JAKARTA – Indonesia’s economic growth surged in the April-June quarter due to an export boom fueled by soaring commodity prices, according to official data released on Friday (Aug 5), but monetary tightening, rising inflation, and the prospect of a global recession loom large.
According to Statistics Indonesia, the second-quarter GDP was up 5.44 percent over the previous year, the strongest growth rate in a year. This exceeded the consensus prediction of a 5.17 percent increase in a Reuters survey, as well as the 5.01 percent annual growth in the first quarter.
Exports increased by nearly 20% year on year, up from 16.22% in the previous quarter, which the statistics bureau described as “outstanding.”
Household consumption, which accounts for more than half of GDP, recovered further when the COVID-19 limitations were lifted, with the Eid al-Fitr holiday in May providing a further boost. Investment, though, has stagnated.

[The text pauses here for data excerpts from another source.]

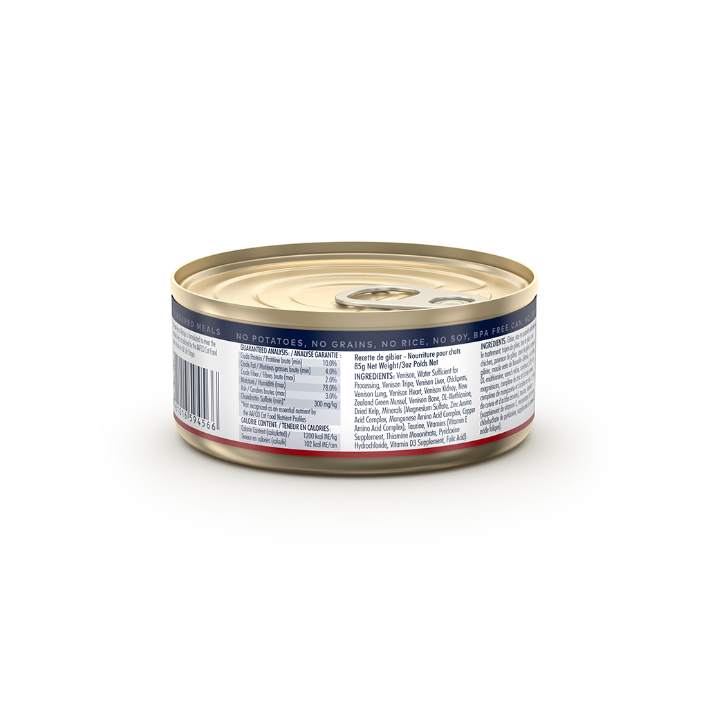 ZIWI® Peak Venison is a novel, single-protein ideal for cats of all breeds and life stages, particularly those with food sensitivities. Every can is loaded with free-range venison, ethically raised on pastures of lush and native grasses in the remote valleys of New Zealand’s South Island. Crafted in small batches without high glycemic ingredients or artificial binders, ZIWI canned cat food makes meal time exciting – and your cat is guaranteed to enjoy each and every bite.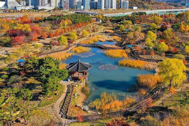 한밭 수목원은 대전의 최대 도심지 둔산에 자리하고 있으면서 우성이산, 갑천과 유등천, 정부대전청사 녹지 축에 연계된 전국 최대의 인공 수목원입니다.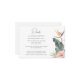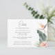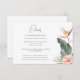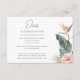 Kortet för bröllopsinformation för eleganten innehåller ett fantastiskt vattenfärgsmotiv för tropiska botaniska ämnen som handflatan löv, hibiscus och paradisfåglar. Typografin är klassisk men modern. Det här är perfektens utformning för ett tropiskt strandtema eller ett målbröllop.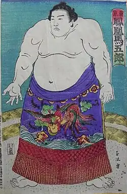 His real name was Miyokawa Toranosuke (三代川 寅之助) and was known for his large body and strength since he was a boy.[1] He joined Miyagino stable because the then head coach (Miyagino Umagoro) was from Makuhari, Chiba District and made his professional debut in May 1886 under the shikona Kikutayama (菊田山). It is thought that his first shikona was chosen to pay homage to his hometown shrine of Kikuta.[1] He was later given the shikona Araumi (荒海) in May 1887 before changing it to Ōtori () in January 1891. Upon promotion to juryō, in June 1892, he was given the shikona Hōō (鳳凰).

Food and beverage, mining, construction, and transportation and warehousing industries grew quicker than in the preceding period.

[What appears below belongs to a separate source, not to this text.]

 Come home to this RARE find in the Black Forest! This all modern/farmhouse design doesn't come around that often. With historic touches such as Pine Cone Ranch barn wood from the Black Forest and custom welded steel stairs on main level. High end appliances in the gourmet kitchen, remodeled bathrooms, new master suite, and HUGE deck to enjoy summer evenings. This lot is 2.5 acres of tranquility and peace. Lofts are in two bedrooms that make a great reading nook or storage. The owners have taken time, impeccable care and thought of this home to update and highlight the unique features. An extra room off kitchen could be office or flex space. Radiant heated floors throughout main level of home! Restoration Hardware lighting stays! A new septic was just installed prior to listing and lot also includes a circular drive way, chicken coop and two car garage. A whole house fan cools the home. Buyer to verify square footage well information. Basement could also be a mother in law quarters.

However, Indonesia’s central bank stated last month that the increase in full-year 2022 GDP from 2021 will be at the lower end of a range of 4.5% to 5.3%. It had previously predicted growth in the middle of this range.
It lowered its projection because a global economic downturn would hurt exports and a rise in domestic inflation would hinder the rate of consumption recovery.
Consumer prices rose 4.94 percent year on year in July, marking a seven-year high and leading economists to urge for Bank Indonesia to raise interest rates from pandemic-era lows.